If uploading program to the board first time during the current Linux session, add the current user to *dialout* Linux group. Enter the *root* password when prompted:

```
sudo adduser $USER dialout
su - $USER
```

#### After that:

- 1. cd programs/06\_pipeline\_bypasses
- 2. run ./02\_compile\_and\_link.sh

- 3. run ./08\_generate\_motorola\_s\_record\_file.sh
- 4. run ./11\_check\_which\_com\_port\_is\_used.sh
- 5. edit ./12\_upload\_to\_the\_board\_using\_uart.sh based on the result from the previous step set the working port in "set a=" assignment
- 6. Make sure the switches 0, 1, 4, 5, 6 on FPGA board are turned off. Switches 0 and 1 control the speed of the clock, while switches 4, 5, and 6 determines which pipeline bypass demo function is called after reset and boot sequence see 3.8. Review the lab program code. If the switches 0 and 1 are not off, the loading through UART is not going to work. For more details about the switchable clock see MIPSfpga 2.0 Lab YP2. Using switchable clock to observe the CPU cycle-by-cycle.
- 7. ./run 12\_upload\_to\_the\_board\_using\_uart.sh

#### 3.10. The first run

- 1. Set the switches 4, 5 and 6 on FPGA board to off position. Such setting means that after the reset the program will run assembly demo number 0. Make sure the switches 0 and 1 are off, otherwise the boot sequence (a sequence of processor instructions before *main* function) will take too long, since these switches control the clock frequency.
- 2. Reset the processor. The reset buttons for each board are listed in the table below:

| Board               | Reset button           |
|---------------------|------------------------|
| Digilent Basys3     | Up                     |
| Digilent Nexys4     | Dedicated CPU Reset    |
| Digilent Nexys4 DDR | Dedicated CPU Reset    |
| Terasic DE0         | Button/Key 0           |
| Terasic DE0-CV      | Dedicated reset button |
| Terasic DE0-Nano    | Button/Key 0           |
| Terasic DE1         | Button/Key 0           |
| Terasic DE2-115     | Button/Key 0           |
| Terasic DE10-Lite   | Button/Key 0           |

3. Turn the switch 0 on.
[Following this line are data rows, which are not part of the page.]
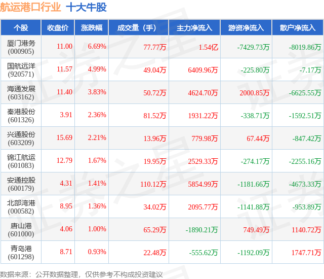 个股表现方面,航运港口行业当日领涨股为厦门港务(000905),该股当日报收11.0,上涨6.69%,成交量77.77万,主力资金净流入1.54亿元。国航远洋(920571)以上涨4.99%紧随其后,该股当日成交量49.04万,主力资金净流入6409.96万元。除此之外,海通发展(603162)、秦港股份(601326)、兴通股份(603209)均进入当日牛股之列。具体个股列表见下表: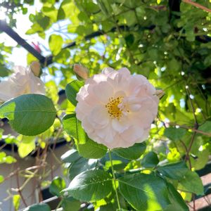 ピンクサマースノー♡ ヒラヒラの小さな花弁が可愛いツルバラさん♪ ツボミ〜咲き始めは白色です。 いつの日か車庫を覆うぐらいに成長… してくれるかな〜(*^▽^*)〜 2024 春バラ〜16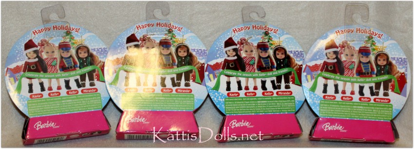 Kelly: Happy Holidays! - I'm an Ornament! ©2007 As I am typing this, I am uncertain these are Target, but I guess they are. Happy Holidays! for 2008 consists of four girls in half ball boxes - half an ornament. We have two Kelly dolls, one Kayla and one Miranda al decked upp in holiday costumes with a gold string so they can be used as christmas ornaments, should you so wish. Kelly is a peppermint and a toy soldier, Miranda is a gingerbread and Kayla dressed as an elf - or Santa's helper in red velvet skirt and hat. More and detailed photos in my (Swedish) blog. © Dolls and photos all belong to me, unless otherwise noted.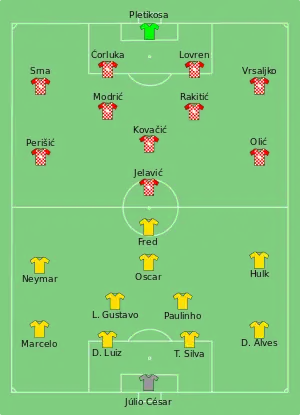 - Match report – Brazil–Croatia (PDF) (недоступная ссылка). FIFA.com (Fédération Internationale de Football Association) (12 June 2014). Дата обращения: 12 июня 2014. Архивировано 14 июля 2014 года.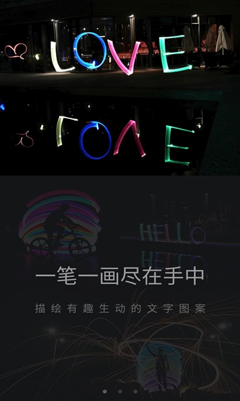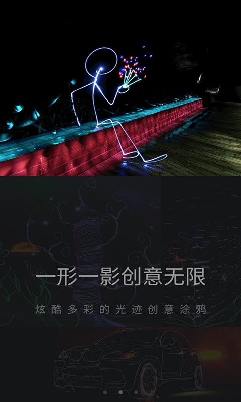 1、一笔一画尽在手中,一形一影创意无限,通过光绘大师相机可以在黑暗环境下记录光影!

This will switch the system clock from 25 MHz to 0.75 Hz, less than one beat per second. You should see LED 7 start blinking, it is connected straight to the system clock.

- 4. Check that the seven-segment display shows "0" which is consistent with switches 4, 5, 6 and the code of the program.
- 5. Now turn your attention to LEDs 0, 1, 2, 3. They are connected to the following bypass control signals:

| LEDs (left to right) Name |               | Bypass control signals                                                         |  |
|---------------------------|---------------|--------------------------------------------------------------------------------|--|
|                           | Name          | Function (according to the comment in Verilog code)                            |  |
| 3                         | mpc_aselres_e | Bypasses result from M stage (res_m) as source A (rs) for the next instruction |  |
| 2                         | mpc_bselres_e | Bypasses result from M stage (res_m) as source B (rt) for the next instruction |  |
| 1                         | mpc_aselwr_e  | Bypasses result from A stage (res_w) as source A (rs) for the next instruction |  |
| 0                         | mpc_bselall_e | Bypasses result from A stage (res_w) as source B (rt) for the next instruction |  |

6. You can see LED 3 blinking from time to time, indicating bypass of ALU result to the source A of the next instruction. This is consistent with demo 0 code:

File programs/06\_pipeline\_bypasses/demo\_bypasses.S

i:
 addiu t1, t0, 1
 addu t2, t1, t0
 b 1b
 nop

#### 3.11. The subsequent runs

Set the switches 4, 5 and 6 on FPGA board to another position (001), set the switch 0 to off position, then reset the processor, turn switch 1 on and observe the patterns of blinking again. Repeat for all 6 bypass demos, with switches 4, 5 and 6 set to 000, 001, 010, 011, 100, 101. Does the expected behavior, based on reviewing the assembly code, always matches the pattern? If not, look to the logic that uses bypass control signals and try to explain what happens.